2017 wrap-up from ProCounter

ProCounter published hundreds of articles throughout 2017, offering concise coverage of what shaped the industry over the last 365 days.

But looking back through the archives, a number of those articles combine to create a narrative. We’ve looked back on the 2017 archive to cobble together a rear view of the last 12 months.

We hope you have enyoyed our newsletters through 2018. If you have, tell your friends: The more subscribers we accrue, the more appealing we become to potential advertisers, and the more enthusiastic we are to continue doing what we do.
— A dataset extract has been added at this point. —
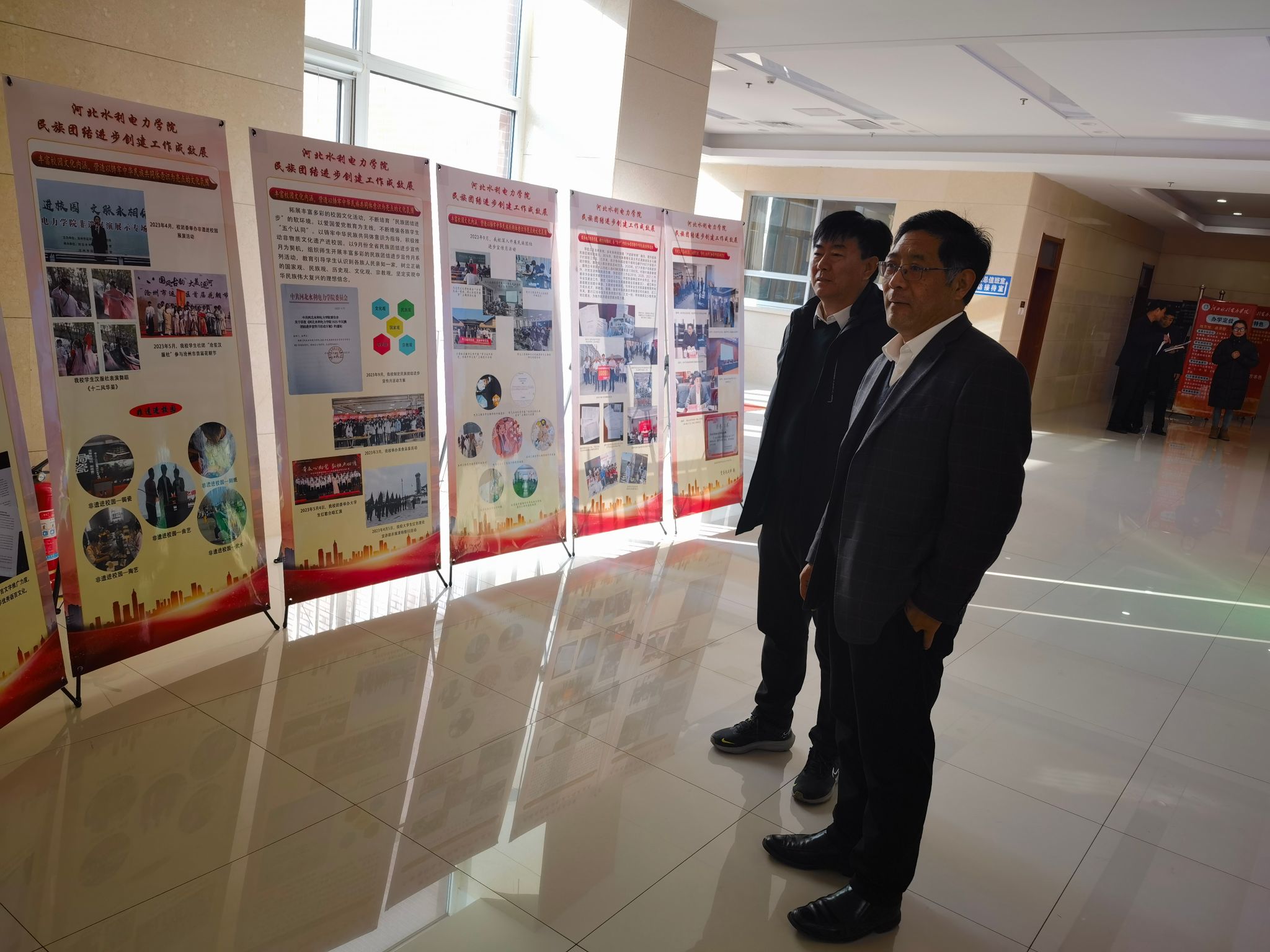 在调研中,张书记和崔校长参观了我校民族团结进步工作成效展,详细了解各民主党派、无党派人士和党外知识分子“凝心铸魂强根基、团结奋进新征程”主题教育开展情况以及党外知识分子联谊会建设情况,并围绕党外人士之家活动室建设、学习教育培训等提出意见建议。
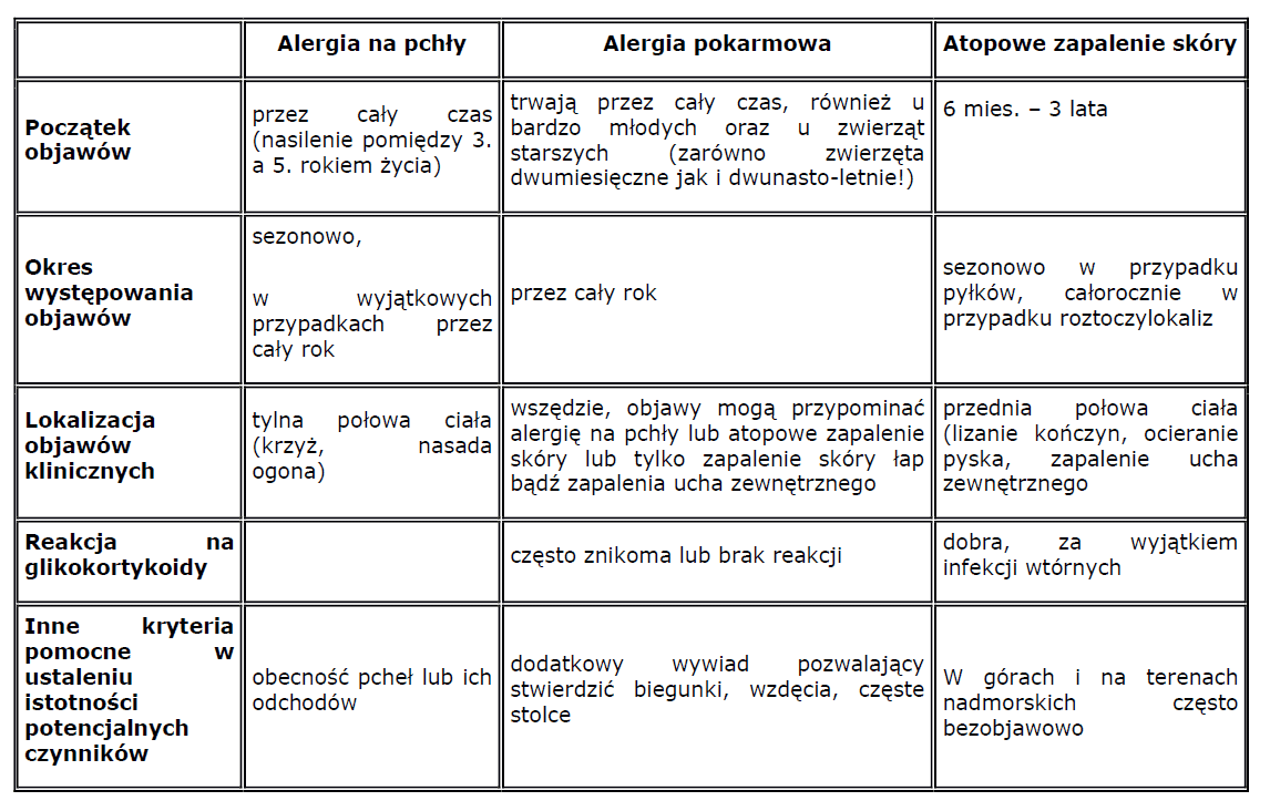 Informacje znajdujące się poniżej z całą pewnością ułatwią postawienie prawidłowego rozpoznania. W ustaleniu przyczyny choroby alergicznej bardzo duże znaczenie ma przeprowadzenie gruntownego wywiadu, który umożliwi przedstawienie listy cząstkowych rozpoznań różnicowych. W rozpoznaniu różnicowanym należy zawsze wziąć pod uwagę infekcję świerzbowcem. Świerzb u psów może dawać niewielkie objawy kliniczne, co może znacznie utrudnić postawienie rozpoznania.

One thing which is clear when looking back like this, is that a lot of the bigger stories in ProCounter simply wouldn’t have been written if we hadn’t tackled them. We would humbly suggest that as far as relevant, ‘bespoke’ content is concerned, we provide a unique resource to Australian professional photographers.

Copyright battles
The adoption of a US-style ‘Fair Use’ exception to copyright infringement in Australia has been an agenda item for years, but major developments occurred in 2017. ‘Fair use’ pretty well smashes copyright protection for ‘smaller’ content creators at the expense of institutions and larger content aggregators like Google. At the start of the year the Federal Government began public consultations, asking for feedback based on the Productivity Commission Final Report into copyright law. The report strongly recommended, among other major amendments to copyright law, the adoption of Fair Use, which is potentially harmful for content creators as it offers a broad set of exceptions to infringement. For instance…

Fair Use in action: On the left is a photo captured by French photographer Patrick Cariou. On the right is work by art appropriator Richard Prince, who in famous for evading copyright infringement by claiming his work is Fair Use.

In September the Federal Government released a formal response, indicating it required further consultations to determine the effects of Fair Use. There was enough noise from content creators, and the industry associations which represent them, to dissuade the Government away from touching it. For now.

A robust lobbying battle was fought by two well-funded organisations: The Copyright Agency (CA), representing the interests of content creators, and the Australian Digital Alliance (ADA), representing content publishers and collectors.

In May, ADA slammed CA for creating a $15 million ‘future fund’ to fight the proposed changes to copyright law. The CA fund was really being used to fight the ADA, which is funded by Google, Facebook, universities, libraries and museums.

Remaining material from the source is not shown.